| Exercise goal |
Skip the pictures. Set down, word for word, the lines from the start of the material up to and including the line with "Eden by Flexform".

[[ Data provided, beginning ]]

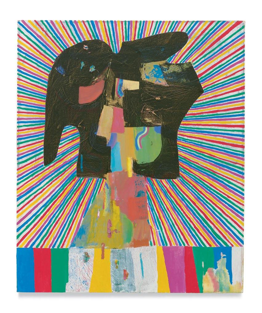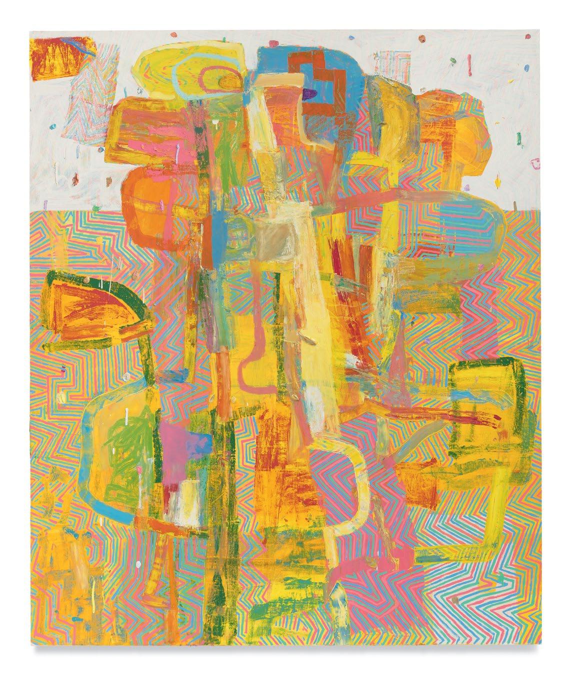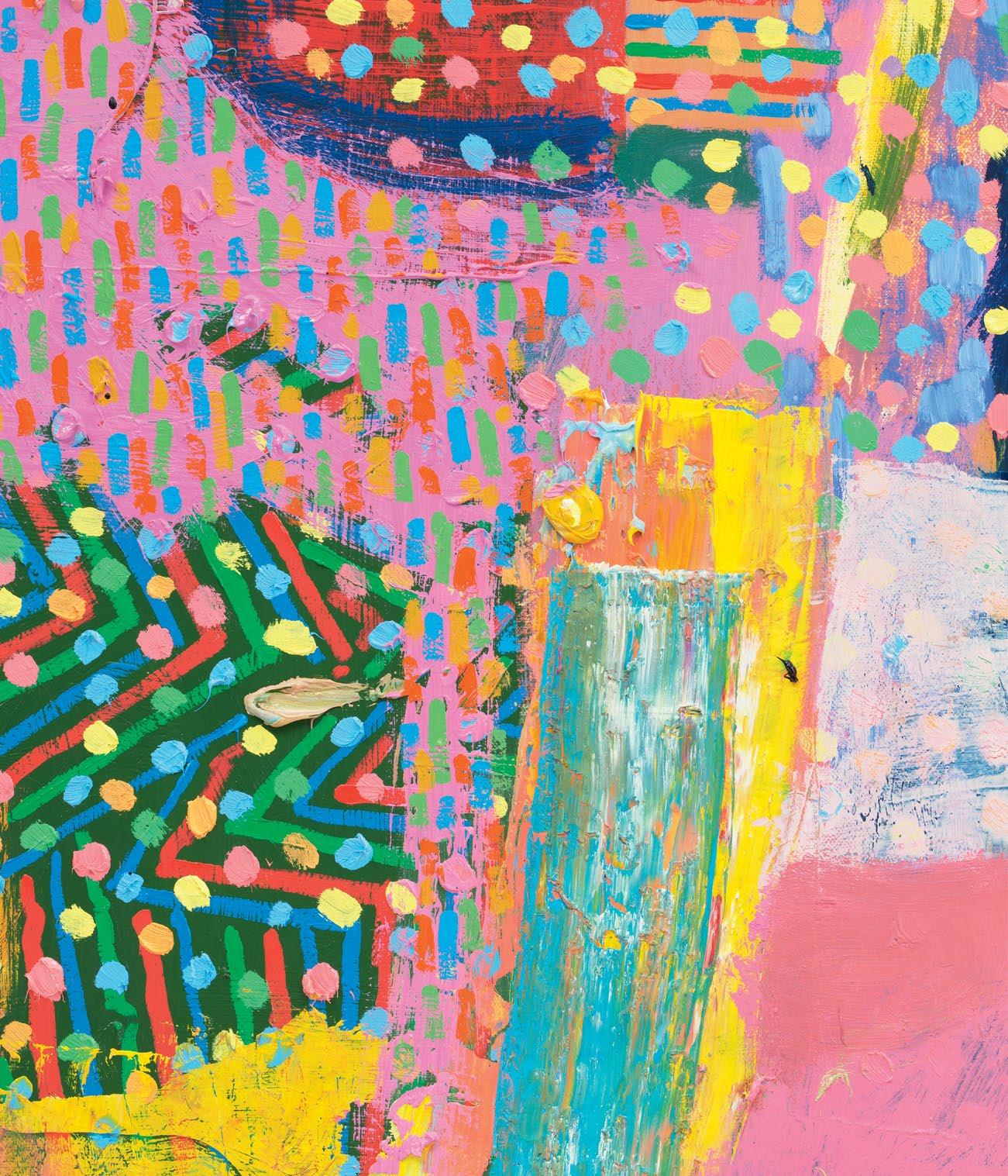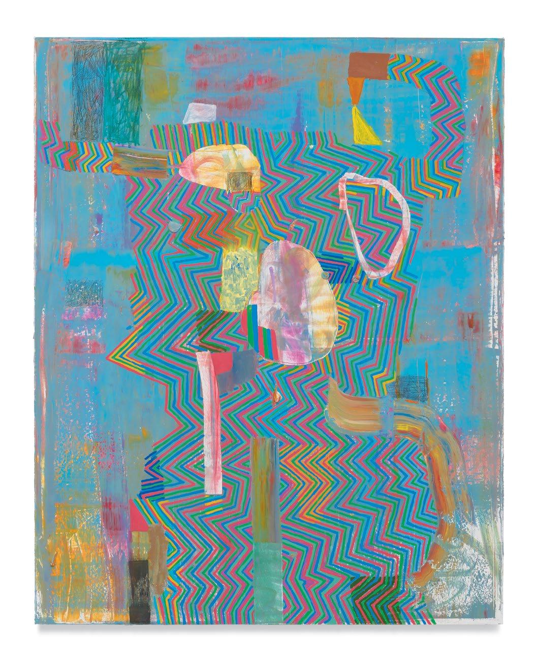 While it is self-evident that Dodge produces a wide range of surface effects with the paint he uses (all the while reinforcing that the paint itself can also be given many different surfaces as paint), the painting “insists” on its own overall surface. So, then, in the case of another painting like Horns, the body in and on the body of the painting may be more diffuse that the one in Wild Fox Body, almost slipping in and out of focus despite the all-over distribution of Dodge’s signature multi-colored zig-zag pa ern, which makes me think of the likes of Picasso’s figures of musicians, even though they’re not really the same at all. (I can’t help but see the figure in Dodge’s
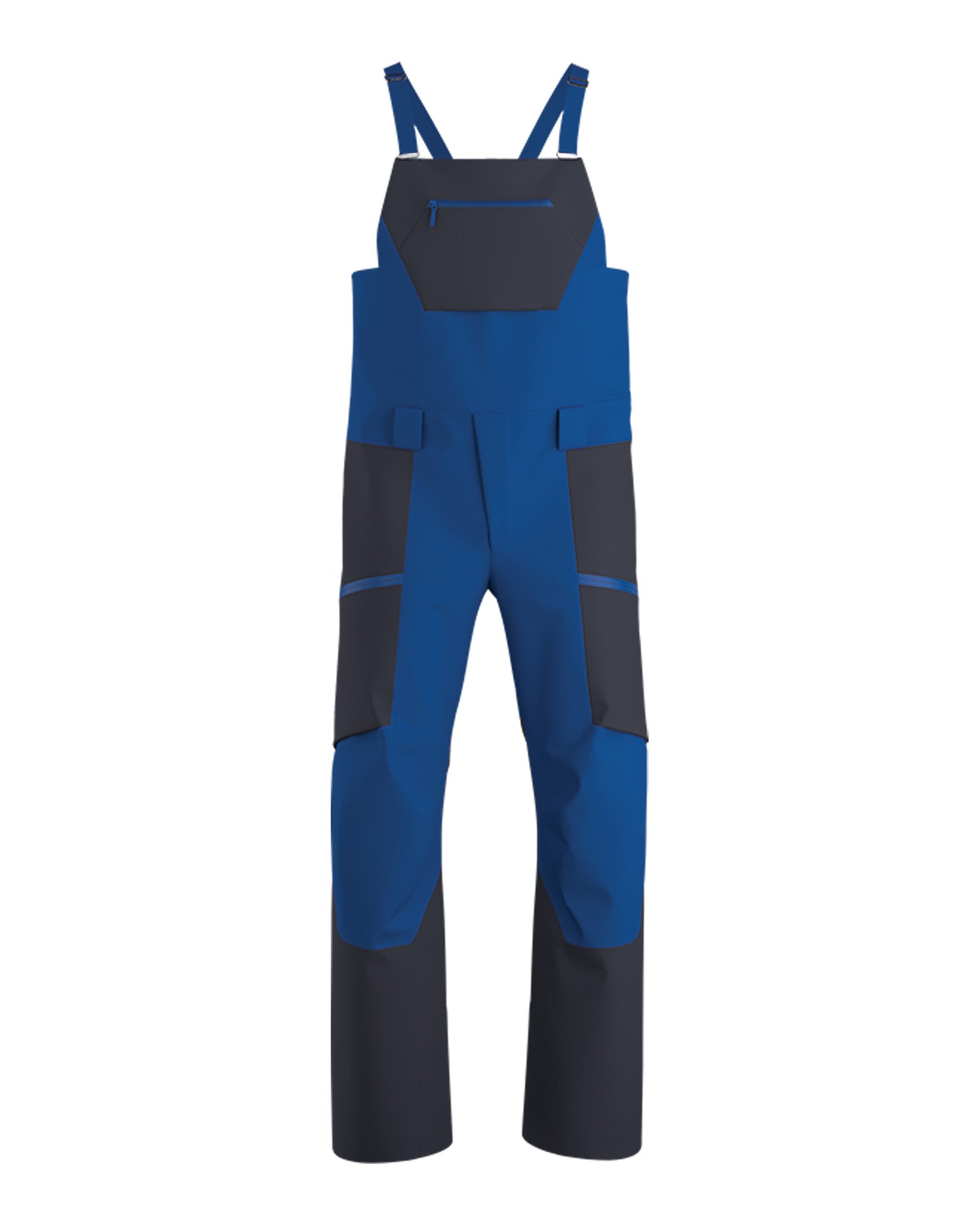 Large bib pocket, two zippered thigh pockets
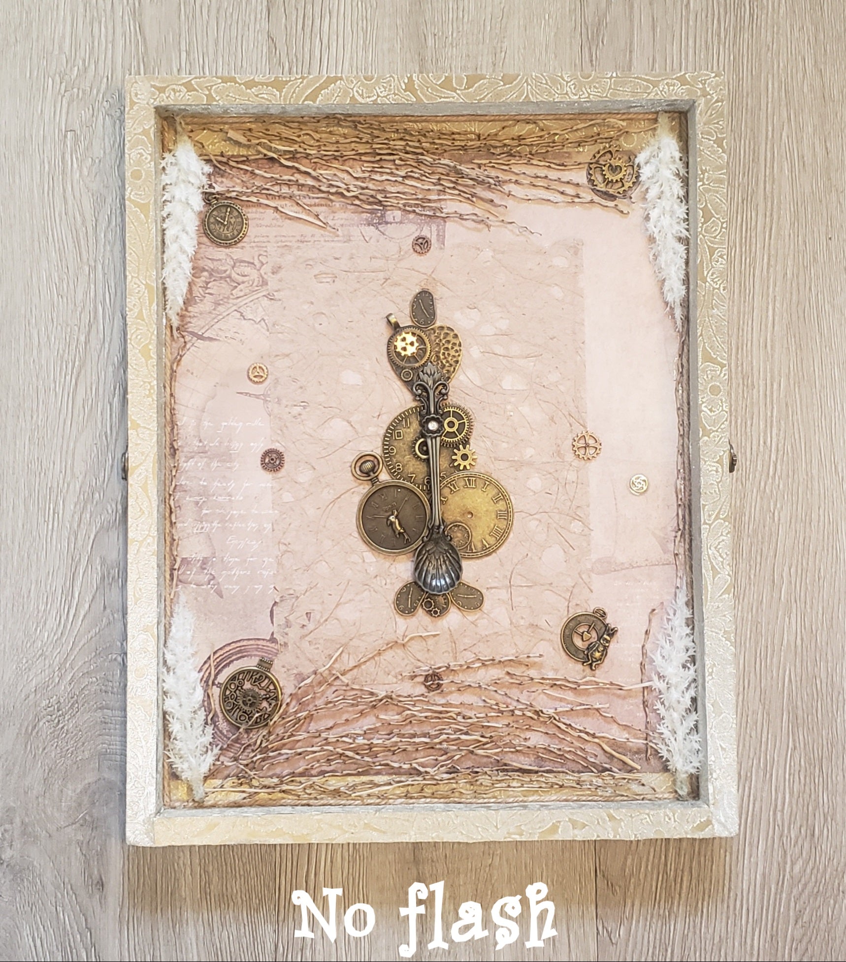 Handcrafted Steampunk Shadow Box. White outer boarders with small steampunk accents for added appeal from the sides. Main boarders along with the inner boarders are embellished with textured gold material that gives an amazing shine and changes a bit on the angel you fixate on. Inside the shadow box are beautiful hues of gold, bronze, tan and brown. The centerpiece is an antique styled decorative spoon that is surrounded with clocks, gears and other eye-catching embellishments. The backdrop adds very appealing effect to the entire piece, bringing it all together. Hang this in your home/office and add some creativity and shine to your space. Frame not included.
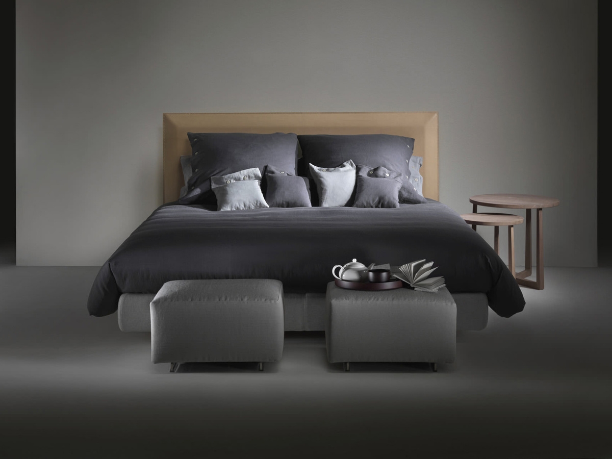 Eden by Flexform is an elegant double bed, extremely comfortable. Base with platform fitted with wooden flats, adjustable at different heights. The wooden base is upholstered in fabric or leather. Removable. It is possible to have it also with storage. Mattress not included.
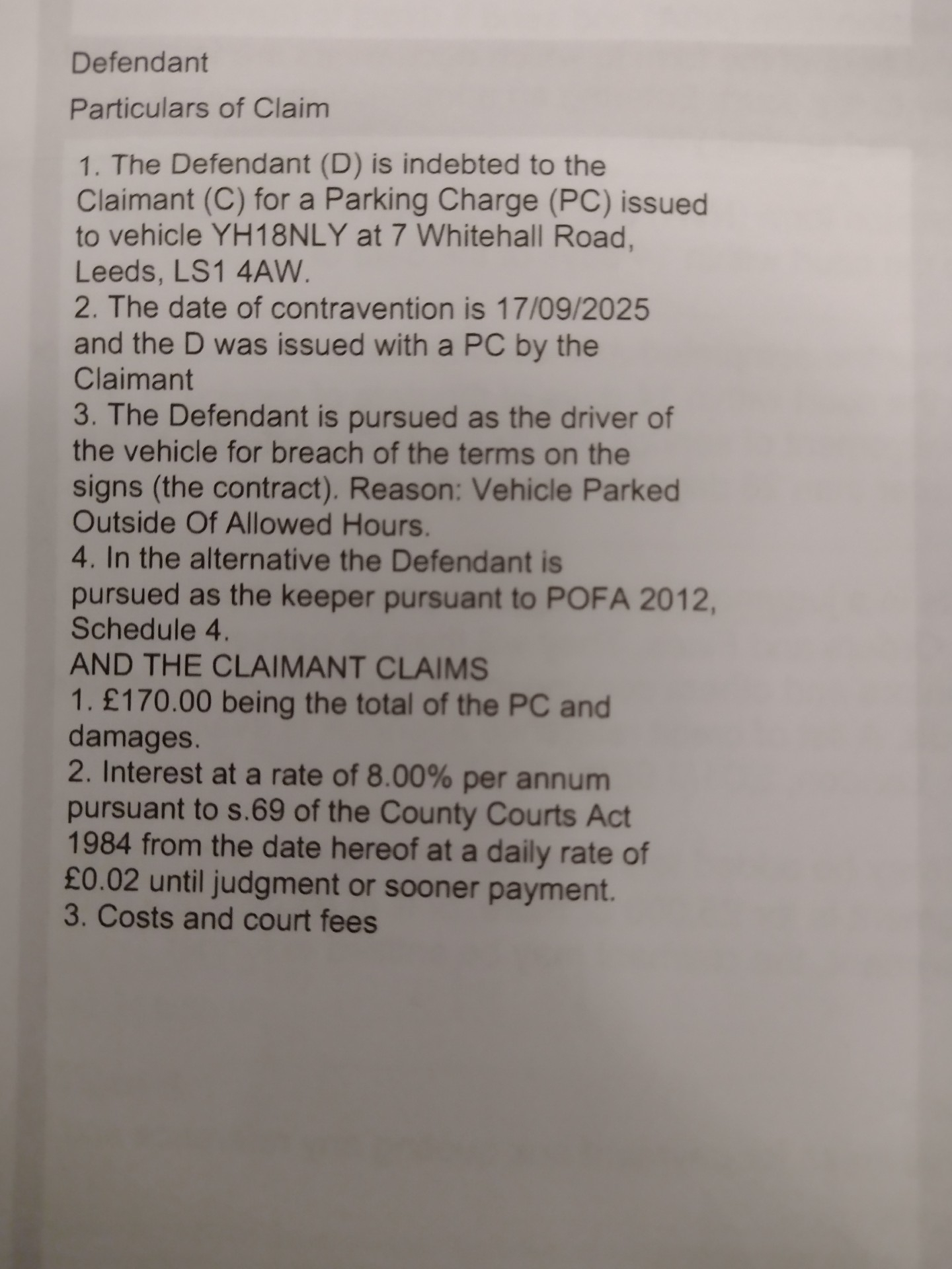 3. Referring to the POC: paragraph 1 is denied. The Defendant is not indebted to the Claimant. Paragraph 2 is denied. The Defendant does not accept that a contravention occurred on 17/09/2025, as alleged. Whilst the Defendant is the registered keeper, paragraphs 3 and 4 are denied. The Defendant is not liable and has seen no evidence of a breach of prominent terms. The quantum is hugely exaggerated (no PCN can be £170 on private land) and there were no damages incurred whatsoever.
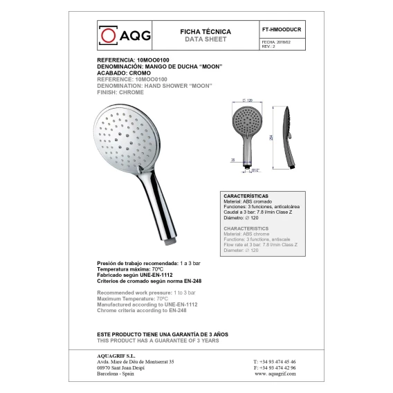 Душевая лейка AQG Moon 10MOO0100 120 мм, 3 режима, хром
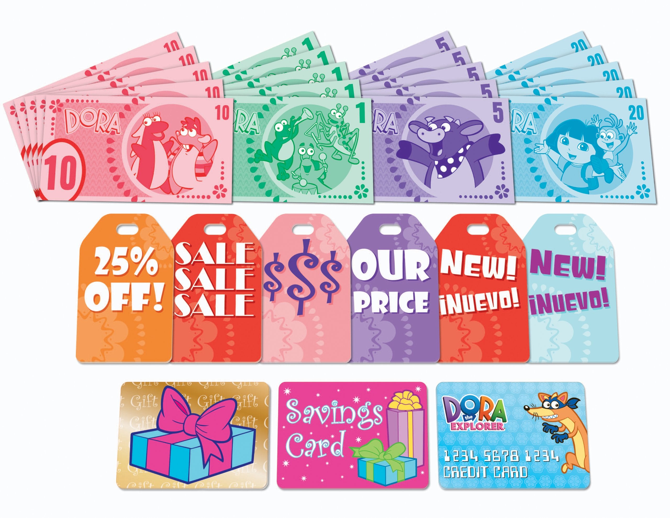 Product Description¡Vamos a comprar! Shop for 30 different adventures with Dora! You can find what you need for fiestas, camping trips, holidays and more by browsing in stores or choosing items from the catalog! There are over 200 items to choose from! The LCD screen keeps track of your amount and you can pay for your purchases with Dora dollars or swipe your card through the reader! The cash register also features over 150 phrases and sounds, a scanner that beeps and a working calculator! Requires 3 “AA” (R6) batteries. Ages 3+From the ManufacturerGo on a bilingual shopping adventure with Dora’s Shop and Explore Cash Register. Shop for over 200 items in one of 8 included stores. Girls can flip through the included catalogue, select the items they love, type in the prices and ring them up. They can also shop by squeezing the trigger on the scanner to hear different item prices. Dora's Shop and Explore Cash Register has an LCD screen and working calculator, pretend scanner, 6 paper tags, a credit card, 20 money pieces, and a favorites sticker sheet so they can mark their favorites in the catalogue.

[[ Data provided, end ]]

| Solved problem |
 While it is self-evident that Dodge produces a wide range of surface effects with the paint he uses (all the while reinforcing that the paint itself can also be given many different surfaces as paint), the painting “insists” on its own overall surface. So, then, in the case of another painting like Horns, the body in and on the body of the painting may be more diffuse that the one in Wild Fox Body, almost slipping in and out of focus despite the all-over distribution of Dodge’s signature multi-colored zig-zag pa ern, which makes me think of the likes of Picasso’s figures of musicians, even though they’re not really the same at all. (I can’t help but see the figure in Dodge’s
 Large bib pocket, two zippered thigh pockets
 Handcrafted Steampunk Shadow Box. White outer boarders with small steampunk accents for added appeal from the sides. Main boarders along with the inner boarders are embellished with textured gold material that gives an amazing shine and changes a bit on the angel you fixate on. Inside the shadow box are beautiful hues of gold, bronze, tan and brown. The centerpiece is an antique styled decorative spoon that is surrounded with clocks, gears and other eye-catching embellishments. The backdrop adds very appealing effect to the entire piece, bringing it all together. Hang this in your home/office and add some creativity and shine to your space. Frame not included.
 Eden by Flexform is an elegant double bed, extremely comfortable. Base with platform fitted with wooden flats, adjustable at different heights. The wooden base is upholstered in fabric or leather. Removable. It is possible to have it also with storage. Mattress not included.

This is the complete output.